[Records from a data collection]
⁂

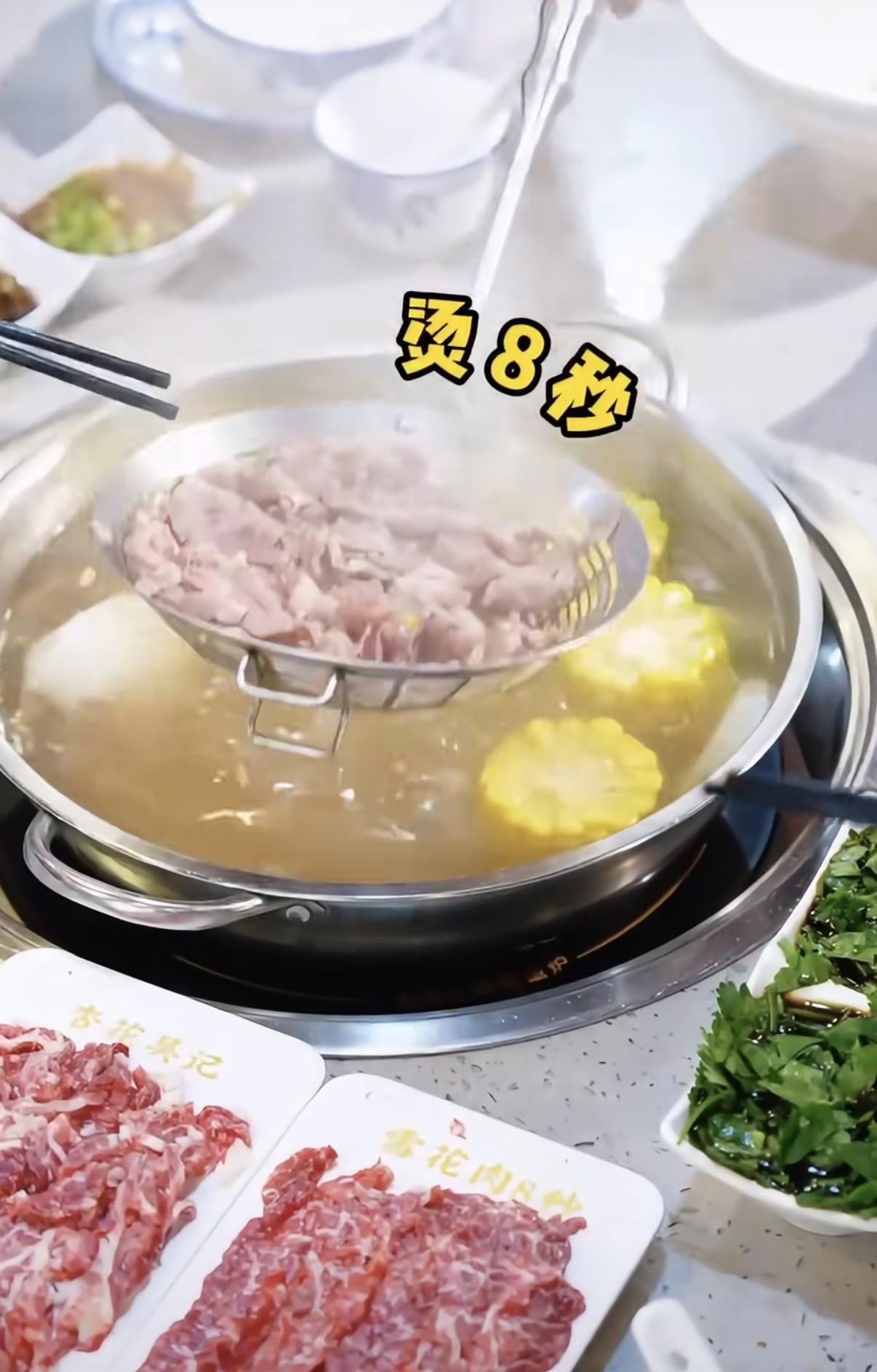 牛肉片下鍋,只需要煮8秒鐘就可以撈出來品嚐美味了。甘比要的是一個清湯鍋,清湯鍋最大的特點就是可以保持食物本身的那種鮮美。
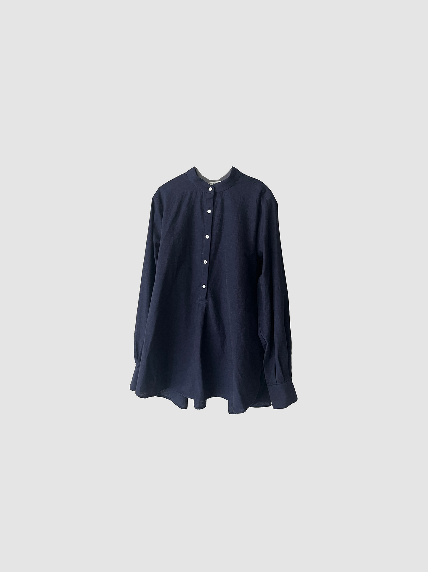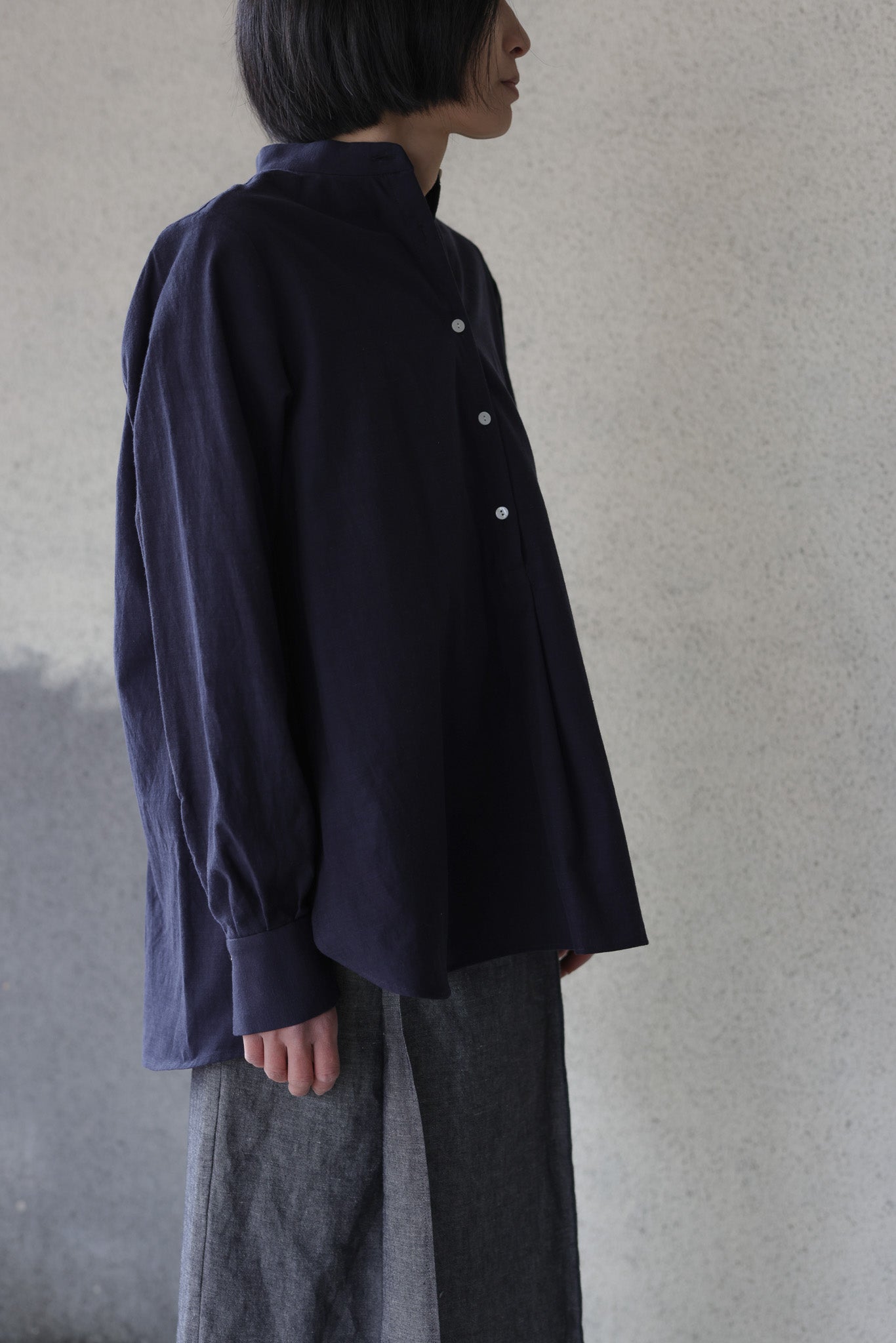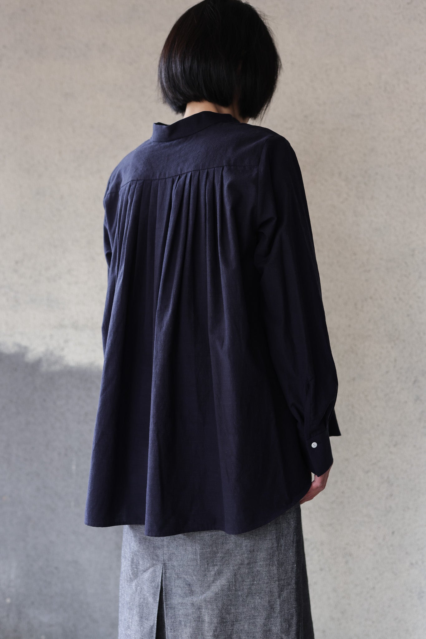 TULIP EN MENSENの定番の裾にかけて末広がりなAラインのスタンドカラープルオーバーブラウス。背中の切り替えにタックをたっぷりとはいり、程よくボリュームのありきれいなドレープが生まれます。首周り、肩周りはすっきりとしたパターンでボタンを開けて上品な佇まいです。裾周りは大きなカーブを描き、後ろが長いシルエットです。カフスは長めの作りになっているので袖の膨らみのコントラスを演出し、カフスを一折りしてアクセントにすることも出来ます。ボタンにはフラットな貝ボタンを使用しています。
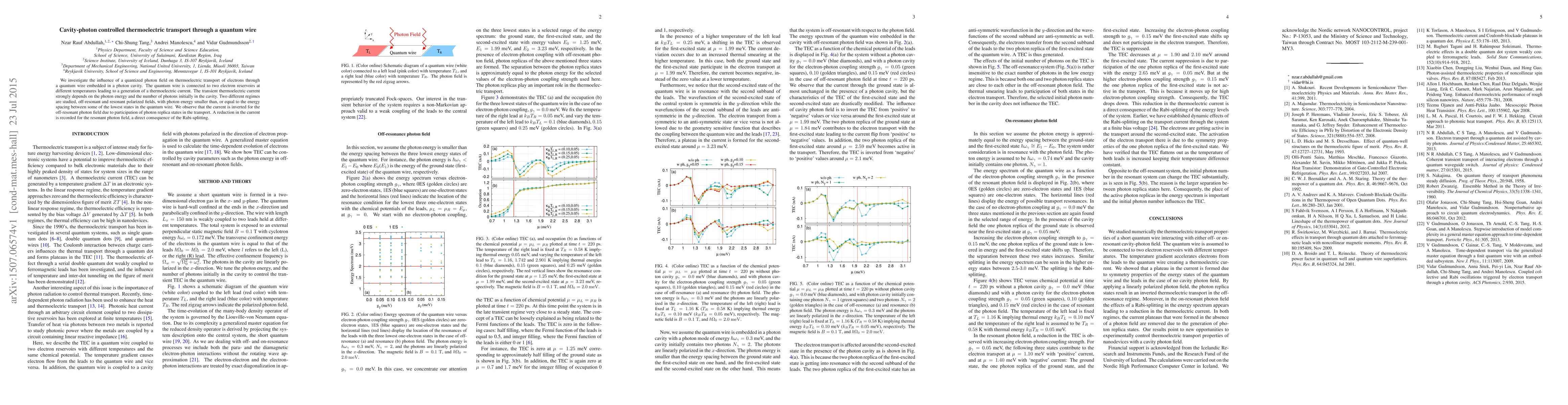 This paper explores how a quantized photon field in a cavity affects thermoelectric transport in a quantum wire, revealing current inversion under off-resonant conditions due to photon replica states and current reduction under resonant conditions due to Rabi-splitting.
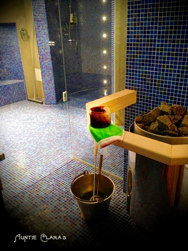 The particular sauna that we had the privilege of bathing in on that night is one of the most beautiful saunas I know. Very modern with tiny cobalt and ultramarine blue tiles, some with a golden shimmer, covering floors and walls all beautifully lit with tiny LED lights.
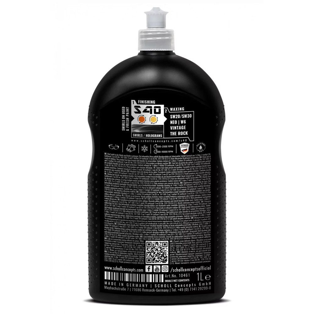 Mikrofinom dörzsölő keverék a homályosodás és a hologramok tartós eltávolítására sötét fényezésről, valamint a finom karcolásokról. Az S40 kiemelkedő végső felületet biztosít, és páratlan mély, tükörszerű fényt hagy maga után. A Premium Polish egyszerű kezelése és könnyű felhordása lenyűgözi Önt.
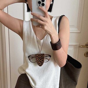 2025新型百合豹紋皮革磁気吸引首メガネのネックレス
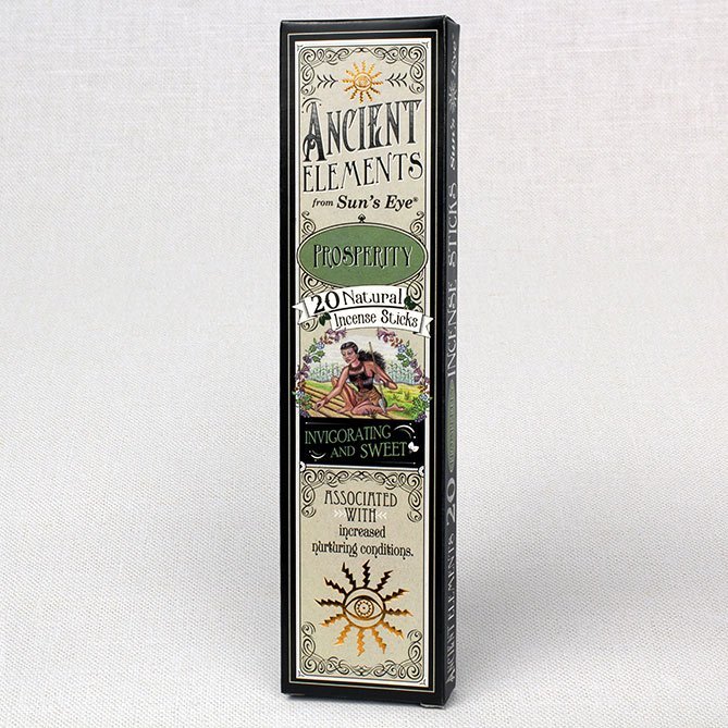 Ancient Elements Prosperity Incense is invigorating and sweet. Box of 20 Sticks

⁂

> Exercise directions: Would you write out the data exactly, with no pictures in the copy?

> Solution to the exercise:
 牛肉片下鍋,只需要煮8秒鐘就可以撈出來品嚐美味了。甘比要的是一個清湯鍋,清湯鍋最大的特點就是可以保持食物本身的那種鮮美。
 TULIP EN MENSENの定番の裾にかけて末広がりなAラインのスタンドカラープルオーバーブラウス。背中の切り替えにタックをたっぷりとはいり、程よくボリュームのありきれいなドレープが生まれます。首周り、肩周りはすっきりとしたパターンでボタンを開けて上品な佇まいです。裾周りは大きなカーブを描き、後ろが長いシルエットです。カフスは長めの作りになっているので袖の膨らみのコントラスを演出し、カフスを一折りしてアクセントにすることも出来ます。ボタンにはフラットな貝ボタンを使用しています。
 This paper explores how a quantized photon field in a cavity affects thermoelectric transport in a quantum wire, revealing current inversion under off-resonant conditions due to photon replica states and current reduction under resonant conditions due to Rabi-splitting.
 The particular sauna that we had the privilege of bathing in on that night is one of the most beautiful saunas I know. Very modern with tiny cobalt and ultramarine blue tiles, some with a golden shimmer, covering floors and walls all beautifully lit with tiny LED lights.
 Mikrofinom dörzsölő keverék a homályosodás és a hologramok tartós eltávolítására sötét fényezésről, valamint a finom karcolásokról. Az S40 kiemelkedő végső felületet biztosít, és páratlan mély, tükörszerű fényt hagy maga után. A Premium Polish egyszerű kezelése és könnyű felhordása lenyűgözi Önt.
 2025新型百合豹紋皮革磁気吸引首メガネのネックレス
 Ancient Elements Prosperity Incense is invigorating and sweet. Box of 20 Sticks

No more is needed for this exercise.